Strategisches Justieren:
Domain-Management

Neu-Ausrichten, unter welchen Adressen ich im Internet zu finden bin

veröffentlicht: 29.11.2025 · Franziska Köppe | madiko

Bericht aus der Werkstatt 2025-48

Mitte Dezember verlängert sich mein Domain-Portfolio. Also schaue ich Ende Oktober, Anfang November drauf und entscheide. Domains, die ich kündige, sind aus meiner Erfahrung “für immer” weg. Das heißt, die Entscheidung will gut überlegt sein. Domains, die ich vor Jahren kündigte, werden mir von Domain-Grabbern regelmäßig zum Rück-Kauf angeboten. Daher beschließe ich alles nicht leichtfertig.

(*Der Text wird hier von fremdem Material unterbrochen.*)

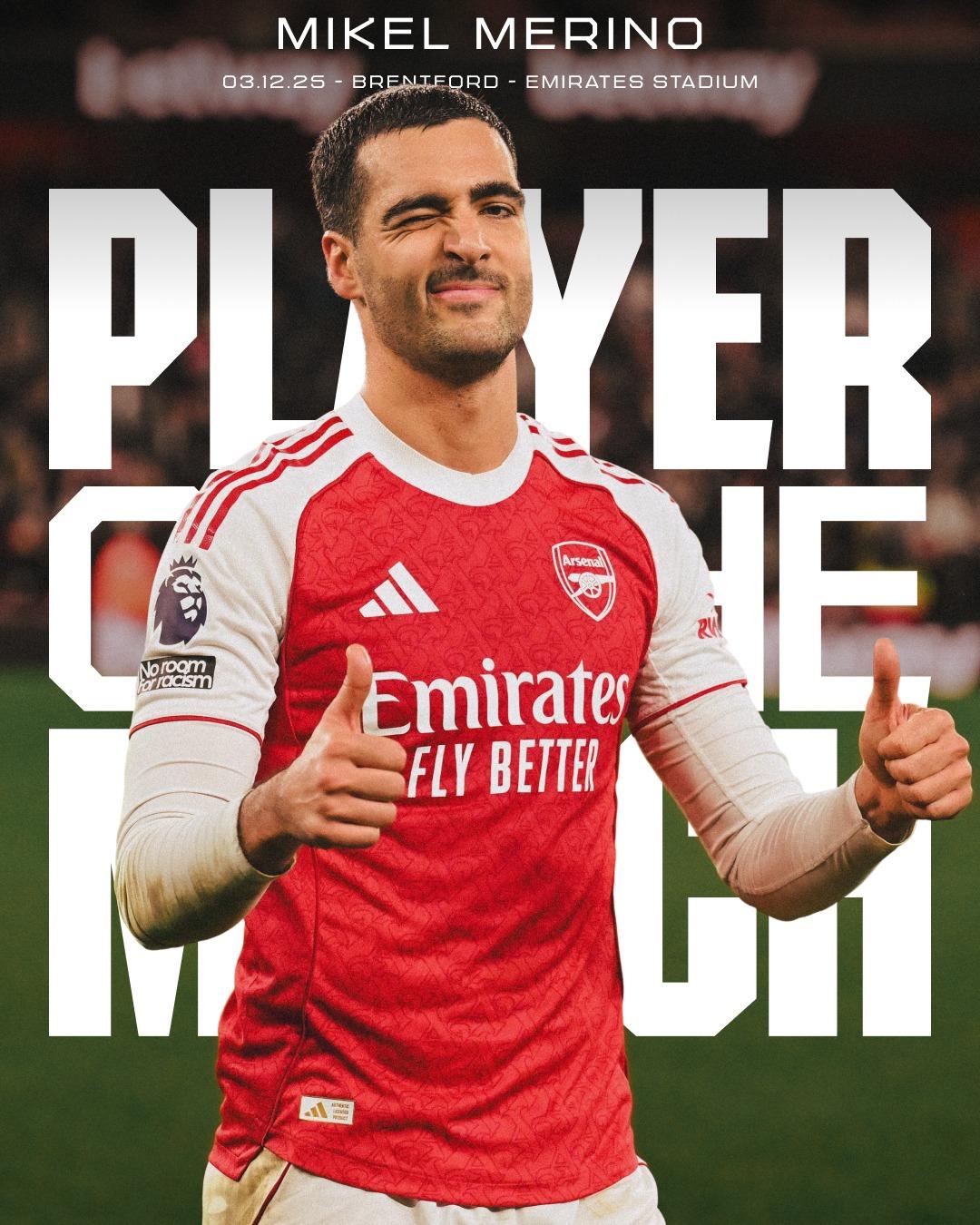 赛后,阿森纳官方宣布梅里诺当选本场比赛队内最佳球员。

Nutzer:innen-Orientierte Systeme

Domain-Management lernte ich zu einer Zeit als Marken-Schutz im Internet bedeutete, sich sämtliche Top-Level-Domains (.tld) zu sichern, die es zur eigenen Marke gibt und im angestammten Markt-Segment liegen.

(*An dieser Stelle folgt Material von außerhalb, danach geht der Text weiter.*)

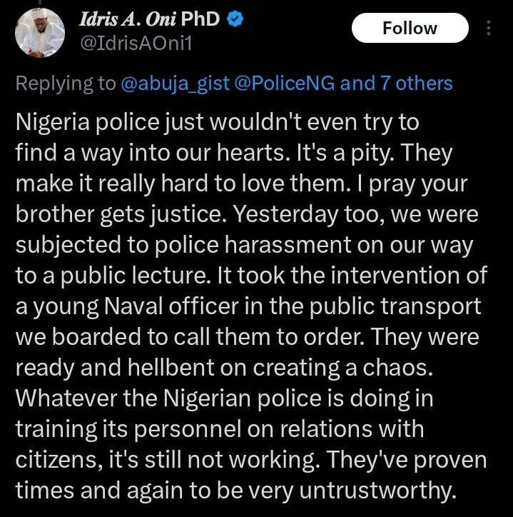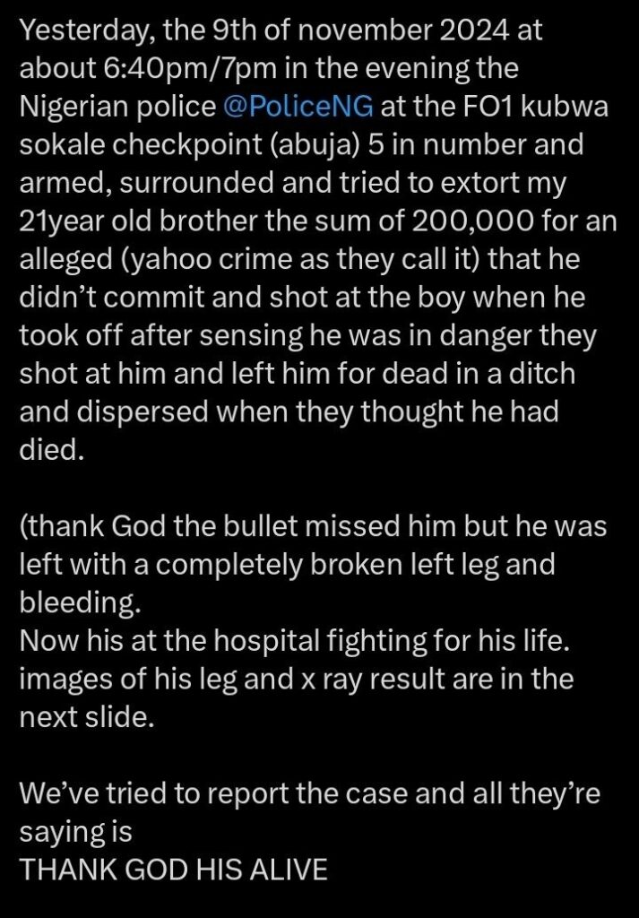 A social media user has reported the unpleasantness of the Nigeria police experience the family had after his 21 years old brother was shot and left to die in a ditch in Abuja.

Die Domains wurden gebündelt auf ein System gesandt, das als Weiche die Funktion übernahm, die Nutzenden nach ihren Interessen gezielt auf Unterseiten zu senden. Also beispielsweise die .de-Adresse auf das Angebot für Deutschland, .fr auf Frankreich, .pl auf Polen und so weiter, Sprach-Wahl mit inbegriffen.

Wir bauten unser System so, dass wir zentrale Produkte und Dienstleistungen für alle Länder als Kern aufnahmen. Diese Inhalte wurden in enger Kooperation mit den Tochter-Gesellschaften entwickelt und übersetzt in die 25 Sprachen unserer Kund:innen und Geschäfts-Partner:innen weltweit. Unsere Kolleg:innen ergänzten diesen Kern um Vor-Ort-Angebote. All das wurde von mir als Chef-Redakteurin koordiniert.

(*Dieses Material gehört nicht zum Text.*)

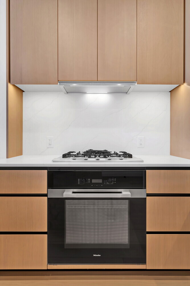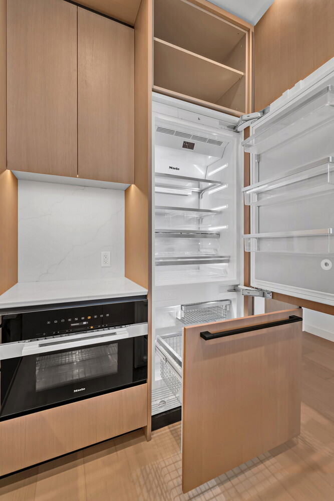The state-of-the-art chef's kitchen is outfitted with premium Miele appliances, a Sub-Zero refrigerator with an oversized freezer, and a Samsung washer and dryer for the great in-home convenience.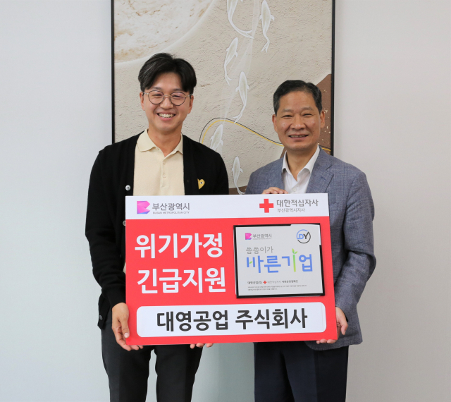 대영공업(주)(대표 김기태)은 23일 대한적십자사 부산지사(회장 서정의) ‘씀씀이가 바른기업’ 정기후원 캠페인에 참여해 지역 사회를 위한 나눔을 실천하기로 약속했다.

Regional erfolgreiche Leistungen griffen wir auf und machten sie bei Interesse anderen Tochter-Gesellschaften zugänglich. Im Wechsel-Spiel lokaler und globaler Ambitionen waren wir innovativ, was uns eine führende Rolle am Markt ermöglichte. Im Zentrum stand ein nutzen-orientiertes Angebot für unsere Kund:innen und Partner:innen. Die Pflege war durch die wert-schätzende Kollaboration und das Verteilen der zahlreichen Aufgaben auf alle Schultern effizient. Mit einem erstklassigen Service bewegten wir als Mittelständler etwas für unsere Kund:innenen und mittelbar für die Gesellschaft.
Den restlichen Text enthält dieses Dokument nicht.